Calculate Signorino and Ritter's (1999) S for Similarity
srs.Rd
srs()
takes two vectors and returns Signorino and Ritter's S statistic
communicating broadly understood "similarity" of interests or ratings.
Arguments
- x1
a vector, and one assumes an integer
- x2
a vector, and one assumes an integer
- distances
the type of distances between ratings/attachments to estimate. Can be either "absolute" or "squared". Defaults to "absolute", but see note in details section.
- weights
a vector of weights. Defaults to NULL for creating unweighted S statistics
- range
defaults to NULL, but an optional vector that forces the range to be a certain value. If NULL, the function calculates a range based on the maximum and minimum values observed across both
x1
andx2
. See details section for more.
Value
srs()
takes two vectors and returns Signorino and Ritter's S statistic
communicating broadly understood "similarity" of interests or ratings.
Details
Be advised that Signorino and Ritter's (1999) treatment of the S statistic used absolute distances when squared distances are more commonly used in the world of distance and association metrics.
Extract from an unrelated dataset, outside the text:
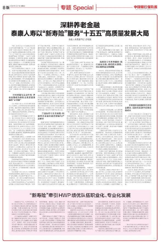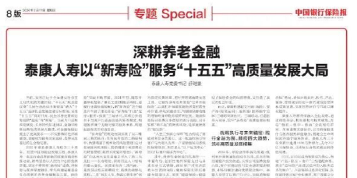 关注2026年是“十五五”开局之年,泰康人寿党委根据做好金融“五篇大文章”的要求,结合公司在长寿时代推进“新寿险”的创新实践,开展理论学习。日前,《中国银行保险报》刊登泰康人寿党委书记薛继豪署名文章《深耕养老金融 ,泰康人寿以“新寿险”服务“十五五”高质量发展大局》,全文转载如下。

There are potentially instances in which the conceivable range of
ratings/attachments (i.e. your two vectors) are not observed. In the case of
applications to alliance data, this is almost an impossibility. Every state,
by assumption, is maximally committed to defending itself. There will
assuredly be cases in which there is no commitment to another state in the
data (either for reasons of disinterest or enmity, though the first calls
into question what a 0 should communicate and the latter betrays the
interesting complexity of alliances). Thus, the minimum and maximum, one
assumes, will always be observed in the alliance data. Perhaps the same could
be said for UN voting data, though I couldn't rule out the possibility that
there is a dyad out there for which both states never voted "yes" or "no".
That would have implications for the range in the denominator of the formula.
You can override that by hard-setting the range in the range
argument.
The function subsets to complete cases of the two vectors for which you want an S score. If weights are included, the function further subsets to complete cases including the weights as well.
The function implicitly assumes that x1
and x2
are columns in a data
frame. One indirect check for this looks at whether x1
and x2
are the
same length. The function will stop if they're not.
Several Comments on Weighting
If it were my call to make, I'd caution against the IR standard of using the composite index of national capabilities (CINC) as a weight on the calculation of the S statistic. Conceptually, weighting by capabilities tries to capture some kind of "importance" quantity. Related to the familiar application of alliances, this would prioritize those states that could conceivably bring more to the battlefield. In practice, this adds one anachronism to another. Capabilities, as measured, are basically a nineteenth century measurement for which estimates of energy consumption, iron and steel production, and urban population size are given equal weight in composition of the measure to military expenditures and military size. Alliances themselves are somewhat antiquarian, certainly in what we want them to do for this measure. If the question is "why must alliances be measures of foreign policy similarity", the answer kind of reduces to "we have historical data on them." If you want estimates for the 19th century, you have this, but then are implicitly confessing your measure of foreign policy similarity is an anachronism.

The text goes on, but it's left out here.